The study was conducted in four selected facilities in Eswatini: three of the facilities are government-owned and one facility is privately owned. Cluster sampling was used to select one facility under each of the four regions of Eswatini: Hhohho, Shiselweni, Lubombo and Manzini to ensure representation in the study. Facilities A and B are located in the rural areas of Hhohho and Shiselweni regions, respectively, and serve a high population of adolescents and adults living with HIV. Facility C is located in the Lubombo region and is a peri-urban site also catering for a high population of adolescents living and adults with HIV. Facility D is an urban and private facility located in the Manzini region and a specialised HIV and AIDS clinic that only provides comprehensive HIV care for all people living with HIV. No other services are rendered in this facility besides HIV and AIDS services. Most of the children who are receiving ART from these facilities are from nearby villages.
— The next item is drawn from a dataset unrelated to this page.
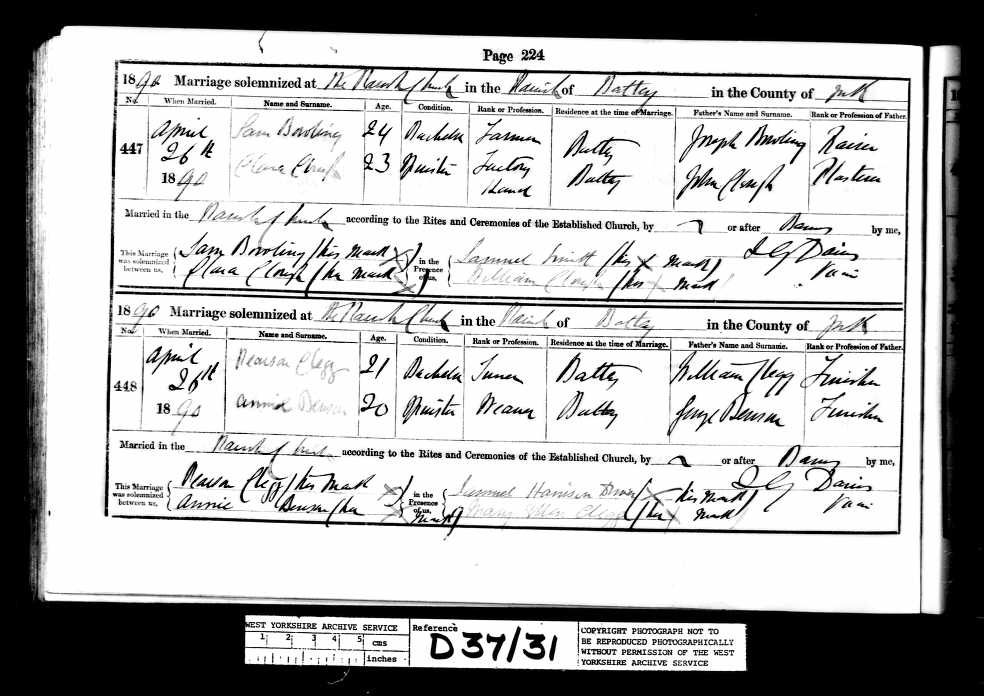 Death Notes: Name: Events • Lived at: Moor End Road, 1871, Dewsbury, Yorkshire & Yorkshire (West Riding), England. 4 • Lived at: Staincliffe Road, 1871-1881, Dewsbury, Yorkshire & Yorkshire (West Riding), England. 5 • Occupation: Milk Boy, 1881, Dewsbury, Yorkshire & Yorkshire (West Riding), England. 6 • Lived at: 1 Staincliffe Hall Road, 1891, Batley, Yorkshire, England. 2 • Occupation: Tanner's Man, 1891, Batley, Yorkshire, England. 2 • Occupation: Baker's Van Man, 1901, Batley, Yorkshire, England. 3 • Lived at: 39 Dewsbury Gate Road, 1911, Batley, Yorkshire, England. • Occupation: Gas Works Labourer, 1911, Batley, Yorkshire, England. Sam married Clara Clough on 26 Apr 1890 in Dewsbury, Yorkshire & Yorkshire (West Riding), England. (Clara Clough was born circa 1858 in Heckmondwike, Yorkshire, England 2 and died between 1891 and 1895 2 3.) Sam next married Margaret Robinson on 3 Jun 1895 in Dewsbury, Yorkshire & Yorkshire (West Riding), England. (Margaret Robinson was born circa 1870 in Batley Carr, Yorkshire, England, 3 and died after 1911 3.) |

The facilities chosen were well suited for qualitative research as they enabled the researcher to collect data in natural and context-dependent settings. The settings required the researcher to have a deep understanding of contextual features and how these exert their influence on the way participants ascribe meaning to events shaped by their unique circumstances.16

Participants and recruitment strategy

The study population was 28 participants, made up of 24 nurses and four policymakers involved in the development and implementation of policies that address HIV prevention and treatment needs of adolescents. Purposive sampling, which is a non-probability sampling strategy, was used to recruit participants in this study.17 Therefore, participants who have experienced the phenomenon being studied were purposively selected to be part of the study because they were going to provide better insight into the research question to achieve the study’s purpose.18

The inclusion criteria to the study for nurses were working in the ART department for a minimum of 1 to 2 years or more years of experience, having been trained in basic integrated management of adolescent and adult illness (IMAI) and nurse-led anti-retroviral therapy initiation in Eswatini (NARTIS). For policymakers, the inclusion criteria were having at least 1 year of experience at the policymaking level with more years of experience preferred. To recruit nurse participants, the Medical Officer or Sister-in-Charge of the facility was approached with a letter requesting to conduct the study in the facility.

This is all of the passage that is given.